> WHAT TO PRODUCE
Once the line with "Classez ce matériel" is found, repeat it and all later lines exactly through the end of the listing below, with the pictures left out.

> INPUT DATA
+-------+
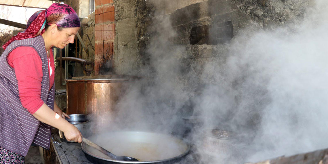 Erzurum’un Olur ilçesi kırsal Ormanağzı Mahallesi’nde coğrafi işaret belgeli ‘Karnavas dut pekmezi’ mesaisi başladı.
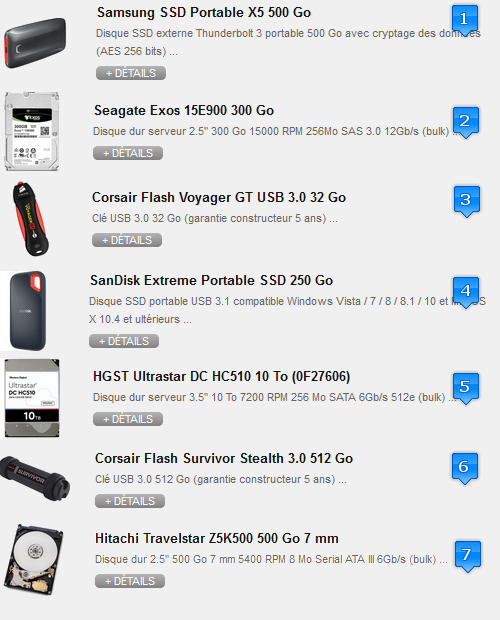 Classez ce matériel de la plus petite capacité à la plus grande capacité.
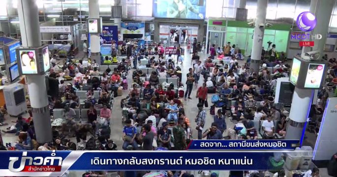 การเดินทางกลับภูมิลำเนาช่วงเทศกาลสงกรานต์ที่สถานีขนส่งหมอชิตใหม่หนาแน่น บขส. ประเมินว่าค่ำคืนนี้จะมีผู้โดยสารมาใช้บริการมากกว่า 200,000 คน
+-------+
> ANSWER
 Classez ce matériel de la plus petite capacité à la plus grande capacité.
 การเดินทางกลับภูมิลำเนาช่วงเทศกาลสงกรานต์ที่สถานีขนส่งหมอชิตใหม่หนาแน่น บขส. ประเมินว่าค่ำคืนนี้จะมีผู้โดยสารมาใช้บริการมากกว่า 200,000 คน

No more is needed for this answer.